Victor Frankl was an Austrian neurologist and psychiatrist who chronicled the horror of three years in four Nazi concentration camps, in his book “Man’s Search for Meaning.”
He writes about finding hope even in the most hopeless of situations. He speaks about the intersection of success and happiness:
“Don’t aim at success. The more you aim at it and make it a target, the more you are going to miss it. For success, like happiness, cannot be pursued; it must ensue, and it only does so as the unintended side effect of one’s personal dedication to a cause greater than oneself or as the by-product of one’s surrender to a person other than oneself. Happiness must happen, and the same holds for success: you have to let it happen by not caring about it. I want you to listen to what your conscience commands you to do and go on to carry it out to the best of your knowledge.

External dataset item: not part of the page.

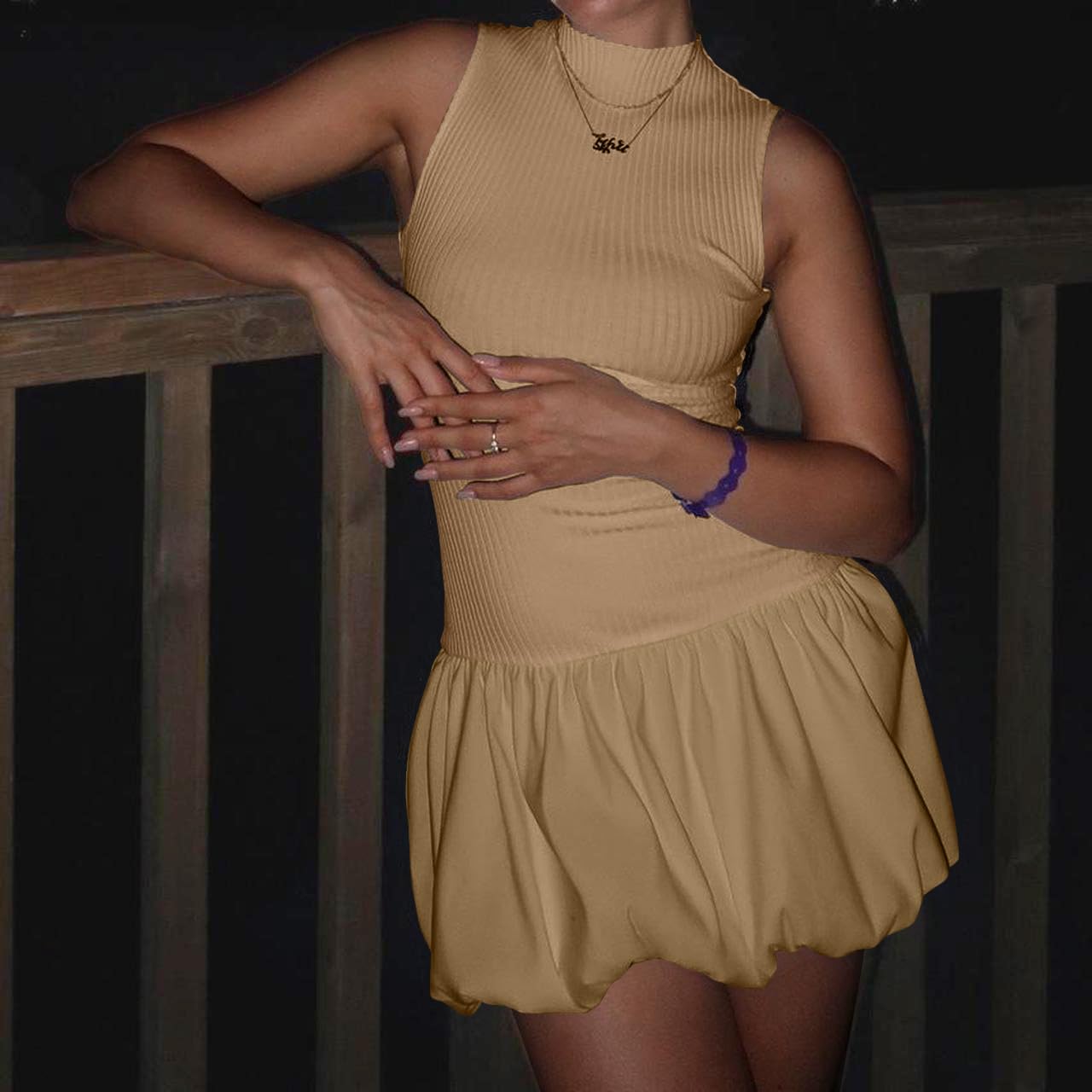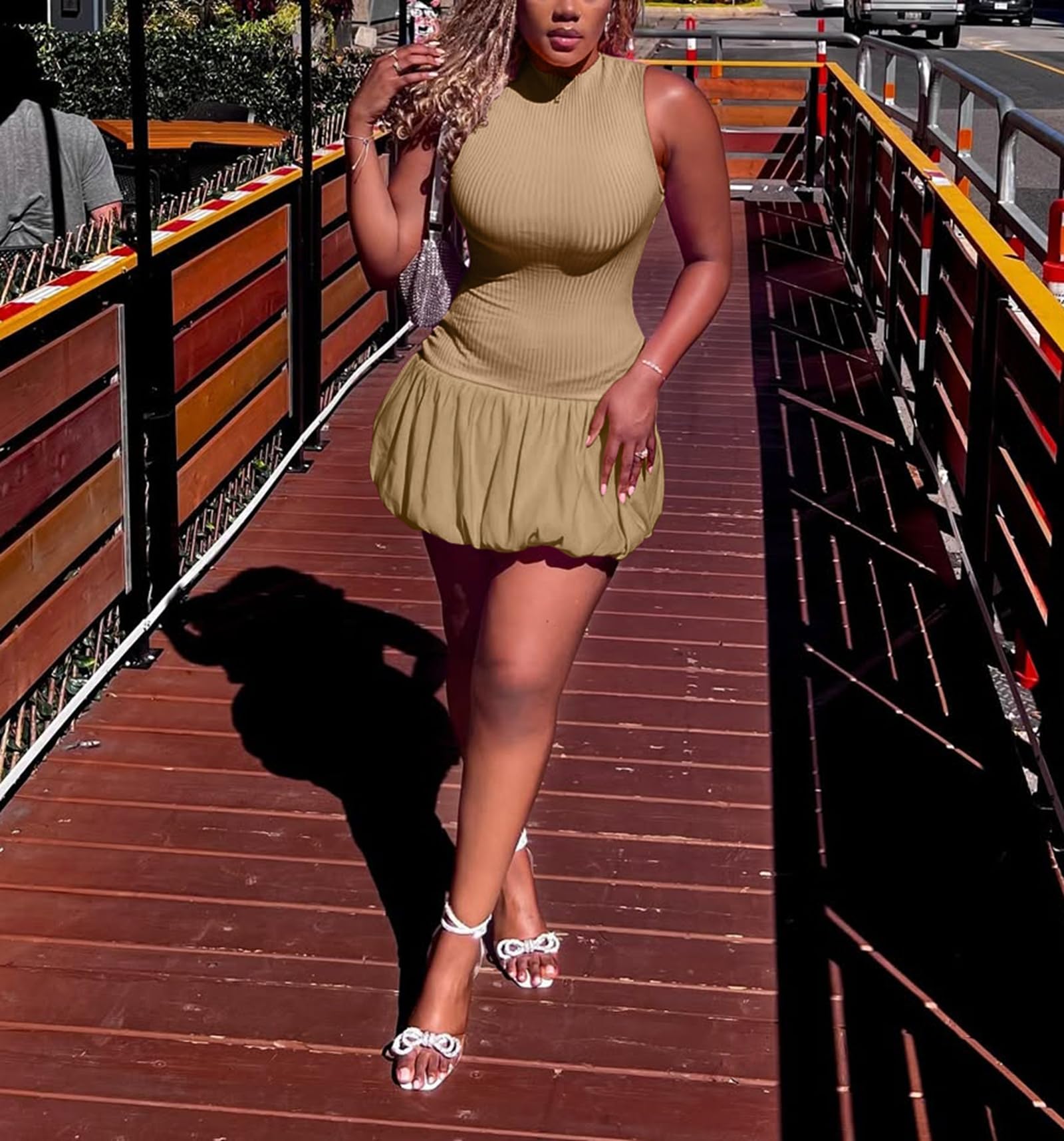 Bubble Skirt Short Dresses Brown Medium 5
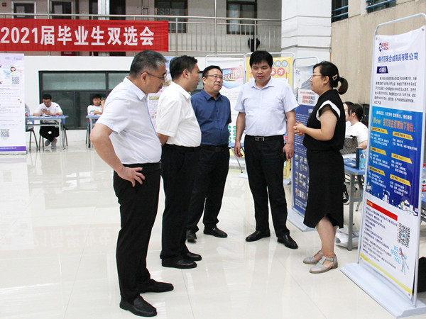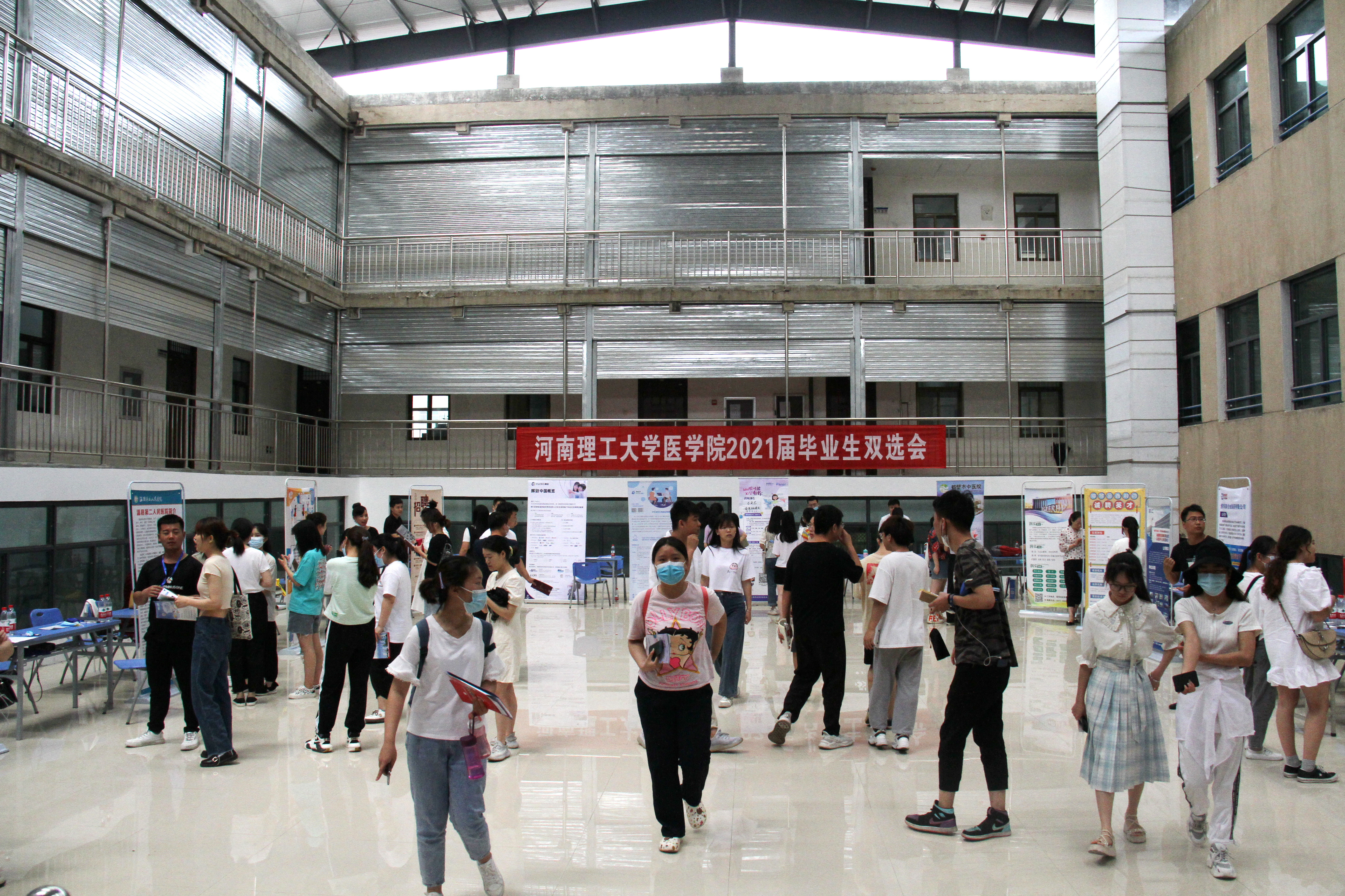 同时,医学院2021年度实习就业双选会在医学院第二实验楼二楼举行。在医学院相关系部的热情邀请下,本次双选会吸引了包括仲景宛西制药股份有限公司、上海药明津石医药科技有限公司、河南羚锐制药股份有限公司、焦作妇幼保健院、鹤壁市中医药、温县人民医院等在内的40余家省内外医药卫生类用人单位和20余家实习单位前来招揽人才。该院各专业未就业毕业生和在校将要参加实习的学生积极到会,了解企业需求,表达自己的求职意愿,不少同学当场与招聘单位初步达成就业和实习意向。本次实习就业双选会的筹办得到学校有关领导和职能部门的大力支持,副校长朱建光、招生就业处和教务处主要领导亲临双选会现场进行了指导。

Then you will live to see that in the long-run – in the long-run I say! – success will follow you precisely because you had forgotten to think about it.”

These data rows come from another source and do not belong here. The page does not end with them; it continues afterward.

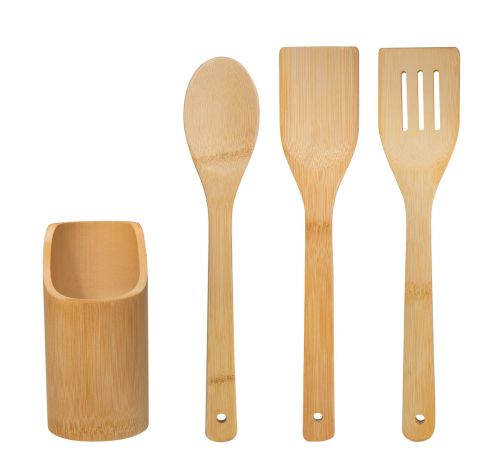 Juego de 3 utensilios de bambú para cocinar. Incluye cuchara, pala, volteador y una base cilíndrica. La madera es un producto natural el cual puede presentar variaciones en tonalidades y vetas.
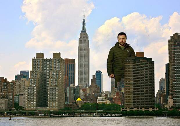 В таком случае остается только поверить, что президент Украины за время проведения СВО значительно вырос, что позволило ему в ролике выглядеть больше чем беспилотник «Герань-2», длина которого, к слову, составляет 350 см, а размах крыльев – 250 см. И даже такой массивный объект кажется игрушечным на фоне президента Незалежной, стоящего чуть сзади для создания максимального эффекта. При этом рост Владимира Зеленского - 168-170 см.
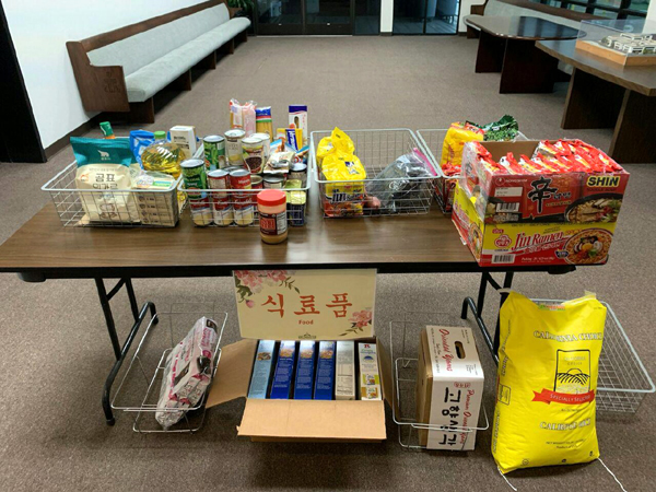 토랜스장로교회(담임 고창현 목사)가 교회 본당 앞에 마련한 오병이어 바구니. 교인들이 마음의 감동을 따라 이웃들과 나누길 원하는 식료품, 생필품, 보건용품 등을 놓아두면 필요한 사람들은 누구나 와서 가져갈 수 있도록 했…
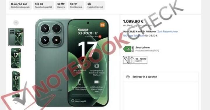 至於價格方面,也出現了值得關注的差異,其中一份來自德國通路的清單顯示,小米 17 的 512GB 版本售價可能來到 1,099 歐元,約合新台幣高達 41,160 元,但由於 256GB 才是該機的入門配置,推測實際起跳價有機會壓在 999 歐元,但同樣不便宜,約合新台幣 37,415 元左右。
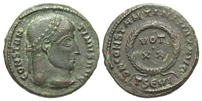 Constantine I. A.D. 307/10-337. Æ 3 (18.9 mm, 3.33 g, 6 h). Thessalonica mint, A.D. 320-324. CONSTANTINVS AVG, laureate head right / D N CONSTANTINI MAX AVG, legend around VOT/XX; TSЄVI in exe. RIC 101/123. VF.
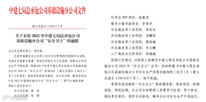 分公司开展2022年度安全评优评先工作,对分公司总部、项目部在安全管理工作方面表现突出的个人进行表彰,共评选出9名“安全卫士”,进一步激发项目安全管理工作的积极性、主动性,提升全员安全意识。
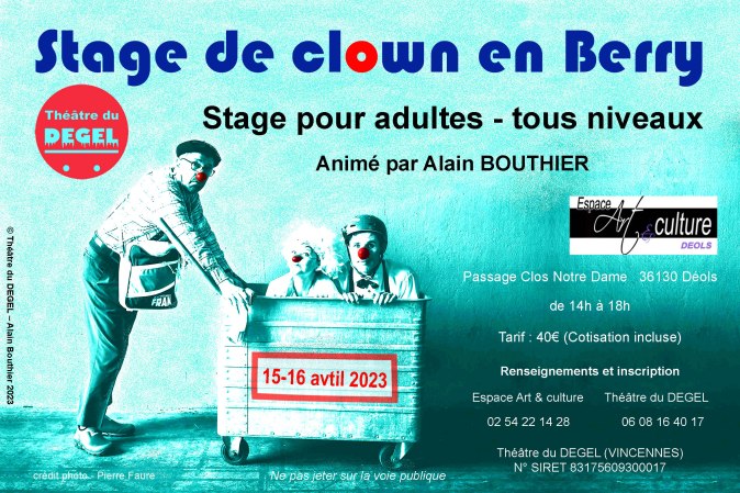 Le théâtre du DEGEL organise un stage de Clown de théâtre de 5 jours à Amboise.
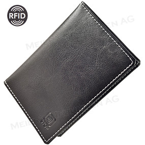 Ob Kreditkarten, Personalausweise oder biometrischer Pass: RFID-Chips (Radio Frequency Identification) stecken heute in den meisten Karten und Ausweisen. Dieses Etui ist mit einem speziellen Futter ausgerüstet, das den RFID-Chip vor unberechtigtem Scannen schützt.
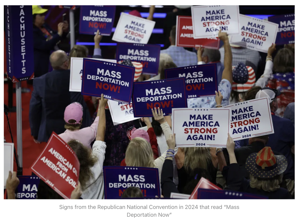 It’s a stark change from President Trump’s 2024 campaign message, where signs at the Republican National Convention read “Mass Deportation Now.” Trump had campaigned on launching the largest deportation program in U.S. history.
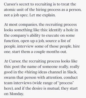這就是如何聘用一組超級明星的方法。人員優先,角色/流程其次。 有很多方法可以將拼圖組合在一起,但你要優先考慮頂尖人才,這是最重要的。處理非標準化流程的混亂比找到並說服頂尖人才要容易得多。 - 來自 @zebriez 的優秀文章《Colossus》,標題為「Inside Cursor」
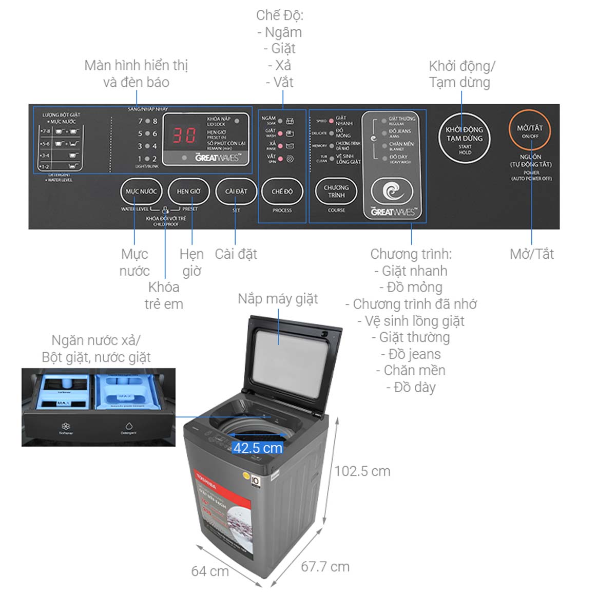 - Công nghệ giặt: Công nghệ siêu bọt khí Nano (UFB), GreatWaves kết hợp 3 luồng nước, lồng giặt ngôi sao pha lê, công nghệ suy luận ảo Fuzzy Logic
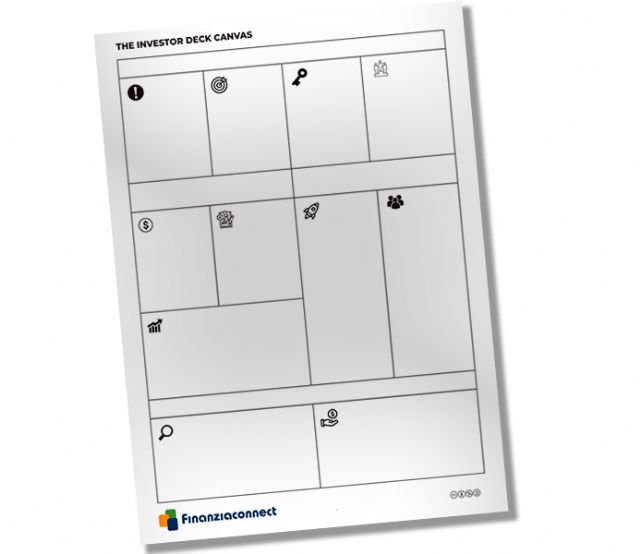 Para complementar al Investor Deck, documento de gran importancia para abrir la puerta de los inversores de startups, Finanziaconnect, empresa especializada en la obtención de préstamos Enisa y otras líneas de financiación, ha creado el Investor Deck Canvas, una herramienta gratuita que ayuda a la elaboración de este documento y que atiende a los requerimientos de los inversores del ecosistema emprendedor. Asimismo, tiene una doble finalidad porque sirve para anotar las ideas que deben estar incluidas en cada slide y también se utiliza de check list de autoevaluación para asegurarse del contenido de cada capítulo del deck.

Jesus speaks in the Gospel today of the characteristics of discipleship.
Jesus prays not that we be taken out of this world, not that we might escape the world. It is in confronting the challenges of this life that we live out our Christianity.
Jesus tells the first disciples that He will give them the qualities that we need for discipleship.
He prayed that we would be united as His disciples and that we would seek unity among those we minister to.
He goes on to say true joy, as His followers is found in seeking to make our families and communities places of happiness and peace for one another.
As Victor Frankl suggests, happiness for ourselves is found outside ourselves.